Gamma matrices in Gaiotto-Witten analysis of N=4 Super Yang-Mills boundary conditions

In the paper Supersymmetric Boundary Conditions in N=4 Super Yang-Mills Theory by Gaiotto and Witten, an in-depth analysis of supersymmetric boundary conditions in N=4 Super Yang-Mills in four dimensions in performed. One of the main points in this analysis is the breaking of the R-symmetry at the boundary from $SO(6)$ to $SO(3)\times SO(3)$, which is explained on page 6.

My main interest is the set of operators given in equation (2.7). It is claimed that the action of $W=SO(1,2)\times SO(3)\times SO(3)$ commutes with the operators $$B_0=\Gamma_{456789}\\B_1=\Gamma_{3456}\\B_2=\Gamma_{3789},$$ (where the subscripts on right-hand-sides indicate completely antisymmetrized products of 10D gamma matrices. Note that $SO(1,2)$ acts on the indices $012$, and the two $SO(3)$ groups act on $456$ and $789$ respectively.)

How does one prove that this is true?

• Minor comment to the post (v3): In the future please link to abstract pages rather than pdf files, e.g., arxiv.org/abs/0804.2902 – Qmechanic Mar 30 '18 at 19:35
• x-posted on math.OF: mathoverflow.net/q/296588/106114 – AccidentalFourierTransform Mar 30 '18 at 19:52
• @AccidentalFourierTransform My apologies, I was not aware that cross-posting between Physics.SE and MathOverflow is not encouraged. I have deleted the MathOverflow post. I would really appreciate it if the previous answer to my question is reinstated, as I was not able to read the answer before it was deleted, and I need this information urgently. – Mtheorist Mar 31 '18 at 6:14
• @Mtheorist cross-posting is ok, but it is preferred to say so explicitly (either in the post itself or in the comment section). – AccidentalFourierTransform Mar 31 '18 at 17:01
• @AccidentalFourierTransform Thank you for the clarification, and I appreciate you providing a screenshot of the deleted answer. Will keep in mind that it could be wrong. – Mtheorist Apr 1 '18 at 16:34

1 Answer

The $$B_0$$ is the chirality matrix of $$SO(6)\rightarrow SO(3)_X\times SO(3)_Y$$, namely $$\Gamma_{456789}$$.

The $$B_1$$ is the product between the gamma matrices of $$SO(3)_{X}$$, namely $$\Gamma_{456}$$, with $$\Gamma_3$$.

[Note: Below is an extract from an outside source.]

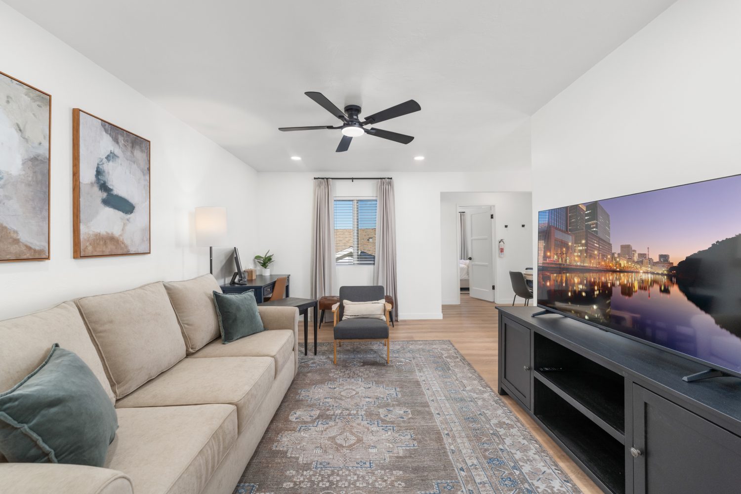 Enjoy a dedicated workspace with a desk and high-speed WiFi for uninterrupted productivity. The private 1-car garage and additional street parking make your stay stress-free, while the shared courtyard with firepit seating and string lights offers a cozy outdoor escape.
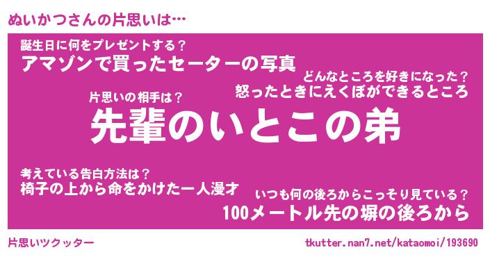 | ファンタジー風あだ名 | 『ヌイフェル』『エターナルヌイカツー』 |

The $$B_{2}$$ is the product between the gamma matrices of $$SO(3)_{Y}$$, namely $$\Gamma_{789}$$, with $$\Gamma_3$$

You need to prove that $$\Gamma_{456789}$$, $$\Gamma_{3456}$$ and $$\Gamma_{3789}$$ commutes with $$\Gamma_{\mu\nu}$$ for $$\mu$$ and $$\nu$$ equal $$0,1,2$$ xor $$4,5,6$$ xor $$7,8,9$$. This is the same thing as showing that the number of indices that are equal between $$\Gamma_{\mu\nu}$$ and $$\Gamma_{456789}$$ is always even. That the number of indices that are equal between $$\Gamma_{\mu\nu}$$ and $$\Gamma_{3456}$$ are always even. That the number of indices that are equal between $$\Gamma_{\mu\nu}$$ and $$\Gamma_{3789}$$ are always even.